On Sun, 2013-06-02 at 00:51 +0530, Raghavendra K T wrote:This series replaces the existing paravirtualized spinlock mechanism
with a paravirtualized ticketlock mechanism. The series provides
implementation for both Xen and KVM.
Changes in V9:
- Changed spin_threshold to 32k to avoid excess halt exits that are
causing undercommit degradation (after PLE handler improvement).
- Added kvm_irq_delivery_to_apic (suggested by Gleb)

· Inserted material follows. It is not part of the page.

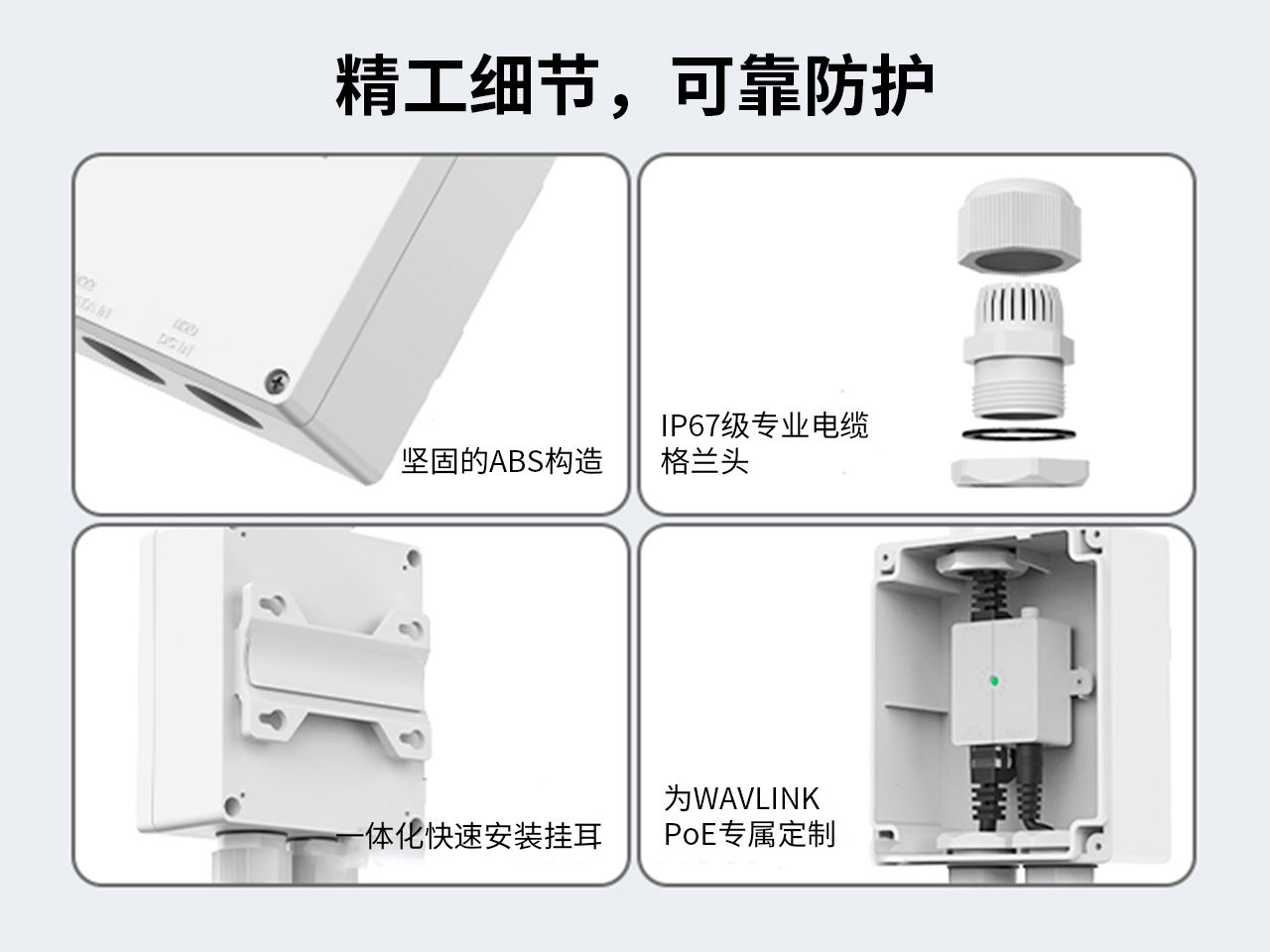 我们保护盒的每一处细节都为卓越的防护和易用性而精心设计。从坚固、抗UV的ABS盒体到专业级的电缆格兰头,每个组件协同工作,创造一个安全的环境。其内部空间更是为您的WAVLINK PoE专属定制、确保完美、稳固的贴合。

- Optimized halt exit path to use PLE handler
V8 of PVspinlock was posted last year. After Avi's suggestions to look
at PLE handler's improvements, various optimizations in PLE handling
have been tried.
Sorry for not posting this sooner. I have tested the v9 pv-ticketlock
patches in 1x and 2x over-commit with 10-vcpu and 20-vcpu VMs. I have
tested these patches with and without PLE, as PLE is still not scalable
with large VMs.
System: x3850X5, 40 cores, 80 threads
1x over-commit with 10-vCPU VMs (8 VMs) all running dbench:
----------------------------------------------------------
Total
Configuration Throughput(MB/s) Notes
3.10-default-ple_on 22945 5% CPU in host kernel, 2% spin_lock in guests
3.10-default-ple_off 23184 5% CPU in host kernel, 2% spin_lock in guests
3.10-pvticket-ple_on 22895 5% CPU in host kernel, 2% spin_lock in guests
3.10-pvticket-ple_off 23051 5% CPU in host kernel, 2% spin_lock in guests
[all 1x results look good here]
2x over-commit with 10-vCPU VMs (16 VMs) all running dbench:
-----------------------------------------------------------
Total
Configuration Throughput Notes
3.10-default-ple_on 6287 55% CPU host kernel, 17% spin_lock in guests
3.10-default-ple_off 1849 2% CPU in host kernel, 95% spin_lock in guests
3.10-pvticket-ple_on 6691 50% CPU in host kernel, 15% spin_lock in guests
3.10-pvticket-ple_off 16464 8% CPU in host kernel, 33% spin_lock in guests
[PLE hinders pv-ticket improvements, but even with PLE off,
we still off from ideal throughput (somewhere >20000)]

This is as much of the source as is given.